■ **YOUR INSTRUCTIONS**
Repeat exactly the line with "100 //// ÅBO //// ) ////" and each line after it to the end of the data below; pictures stay out.

■ **GIVEN MATERIAL**
/---

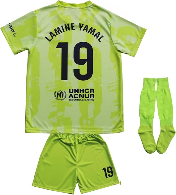 2024/2025 Barca Third #19 Lamine Yamal Football Soccer Kids Jersey Shorts Socks Set Youth Sizes
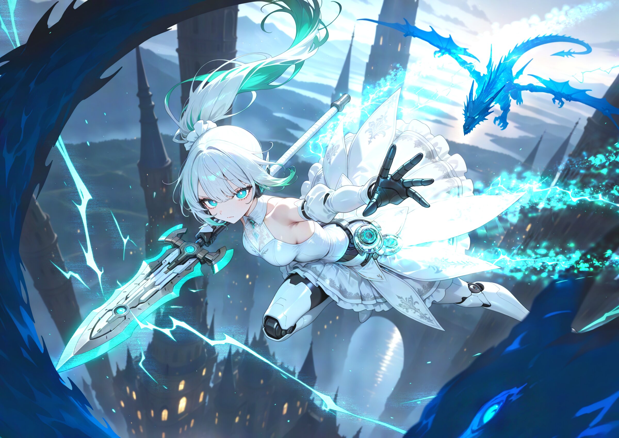 1girl, huge cool ootachi, (weapon focus:1.1) in hands, holding huge cool weapon mechanism, machine, (high angle shot:1.1) (25 years old:1.0), (medium breasts:1.2), (two-tone hair, grey and ever green hair, shoulder length hair, high side ponytail medium bangs:1.0), (beautiful face:1.1), (clear white small eyes:1.0), green pupils , fighting stance, falling, midair, flying, reaching, (mechanical black hands:1.0), black robot ears, , (mechanical white legs:1.1), white mechanical thighs, neon trim, medieval times fantasy world, (cybernetic gynoid:1.0), (mech suit:1.0), (white gothic cuirass:1.0), (robot joints:1.0), (white gorgeous modest wizard's dress skirt:1.1), , glossy silver body with metallic luster cyborg, bare shoulders, (Decorative embroidery:1.0), (white gorgeous dress:1.1), (overskirt:1.0), (white sleeve:1.2), electrokinesis, (battle:1.2), duel , (looking at viewer:1.0), from side, turning head (huge analogous colors aquamarine silhouette of dragon,serious monster silhouette:1.2), Majestic Scottish landscapes with rugged mountains, lakes, and mystical mists., blurry background, super fine concept art, hard surface, 8K, masterpiece, best quality, amazing quality, very aesthetic, absurdres, professional art lots of details, , overexposure, shiny-glistening, (watercolor style:1.0), (pastel color style:0.5) 4ur4_illu,shiny, glowing, glowing particles, glowing light particles, light particles, <lora:noline (1):1.0> <lora:sdxl2-flat2-512b:0.2> <lora:facelightup_xl_v10:0.5> <lora:V2_yakumo_alchemy:0.5> <lora:Aura_illu:0.1>
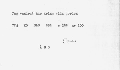//// Jag vandrat har kring vida jorden //// 7?4 KÖ SLS 383 s 233 nr 100 //// ÅBO //// ) ////
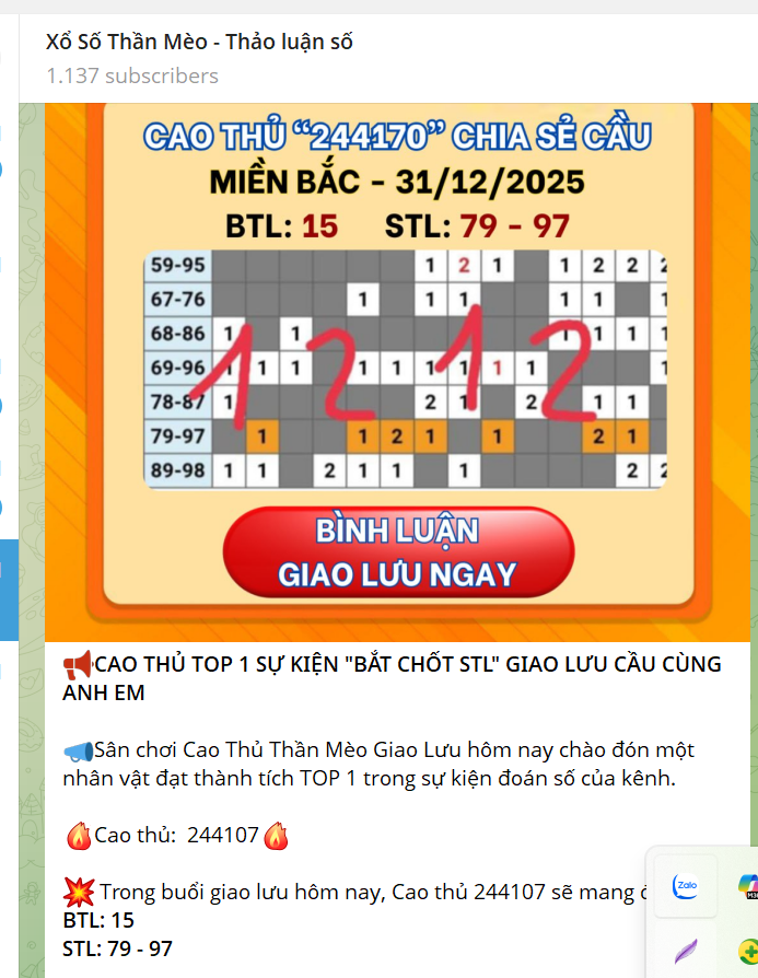 Nếu bạn đang tìm một kênh Telegram uy tín để học hỏi, theo dõi cầu chuẩn và tăng cơ hội trúng lô, Thần Mèo chính là điểm đến lý tưởng. Đừng bỏ lỡ cơ hội giao lưu cùng các cao thủ, cập nhật số chuẩn mỗi ngày!

\---

■ **RESULT OF THE EXERCISE**
//// Jag vandrat har kring vida jorden //// 7?4 KÖ SLS 383 s 233 nr 100 //// ÅBO //// ) ////
 Nếu bạn đang tìm một kênh Telegram uy tín để học hỏi, theo dõi cầu chuẩn và tăng cơ hội trúng lô, Thần Mèo chính là điểm đến lý tưởng. Đừng bỏ lỡ cơ hội giao lưu cùng các cao thủ, cập nhật số chuẩn mỗi ngày!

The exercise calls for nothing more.